Le Pavillon des servitudes – Écrits croisés – 43
UNE SAISON INQUIETE
Justine eut un geste large, effectivement généreux et même grandiose, pour dire :
– J’ai tout fait !
– Tant mieux.
Justine regardait l’écrivain avec détresse, mais il ne voulut pas voir ses yeux suppliants et continua sa quête par petites approches étonnées, amusées, rieuses et tenaces – sans que rien, pas le moindre frémissement de ses mains, pas la moindre fixité dans son regard, pas un soupçon de pâleur sur son visage amorphe, ne trahisse son état. Il y serait bien en peine, son corps n’avait plus d’expression.

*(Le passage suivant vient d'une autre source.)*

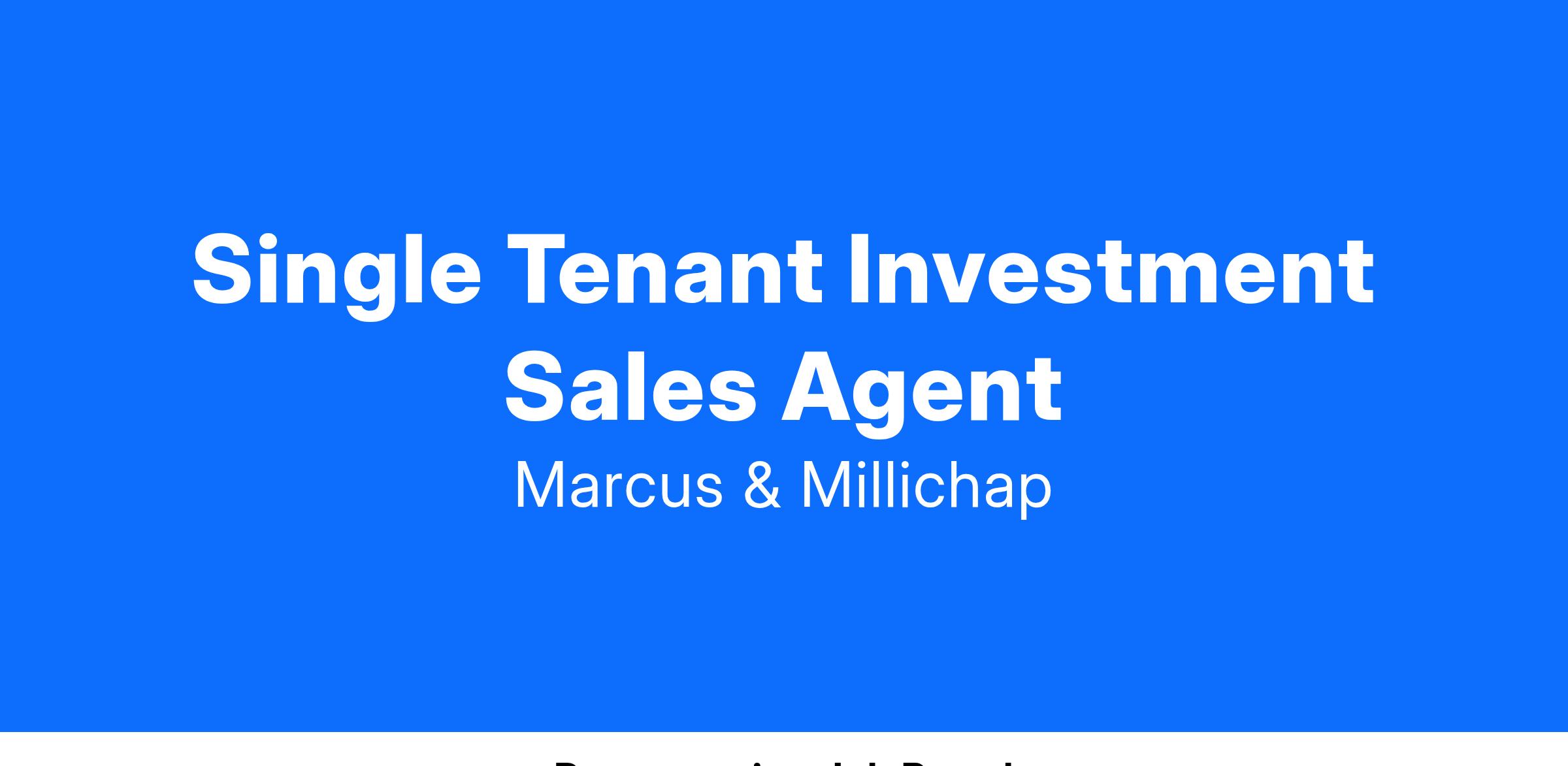 As a leader in the investment brokerage industry, Marcus & Millichap maintains a proven agent development model that offers significant earnings potential and no glass ceiling on your income.

– Ça amusait les garçons, dit-elle, indulgente.
– Comme tu aimes amuser !
Il fut aussitôt plus attentif que jamais, plus insistant, plus suave jusqu’à ce qu’enfin – garde-malade offrant une longue et altruiste fellation à un vieillard agonisant – Justine consente à préciser par une touche de couleur l’exactitude d’une scène qui ne pouvait être
si heureuse, si bêtement joviale ou triomphante qu’à l’accoutumée
le tableau original que Mamore accrochera aux cimaises de la littérature.

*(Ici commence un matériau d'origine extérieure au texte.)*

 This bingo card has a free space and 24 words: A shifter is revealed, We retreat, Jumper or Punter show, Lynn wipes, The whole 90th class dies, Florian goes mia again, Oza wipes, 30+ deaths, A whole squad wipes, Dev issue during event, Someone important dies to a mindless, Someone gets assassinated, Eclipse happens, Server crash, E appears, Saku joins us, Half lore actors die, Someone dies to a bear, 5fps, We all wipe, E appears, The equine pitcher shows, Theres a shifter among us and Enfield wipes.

Alors qu’à la nuit venue plus tôt avec la fin de l’été la muse quittait le parc dans le déroulement pelotonné de ses pas, déjà un peu somnolente (elle s’endormait dès 10 h du soir, bordée par grand-mère qui lui racontait ce qu’elle croyait des contes de fées), l’imposante machine la suivait en grinçant de toutes ses roues, et elle la poursuivait jusque dans ses rêves, inlassablement en quête d’une larme nerveuse qui coulera sur la joue de la jeune fille exaspérée
une minuscule et délicate lacrymatoire en forme de petite grappe de raisin
que l’écrivain emportait dans son pavillon comme un voleur, seul, irradié par une douleur maximale, arborescente, afin de la déposer dans sa main sans force.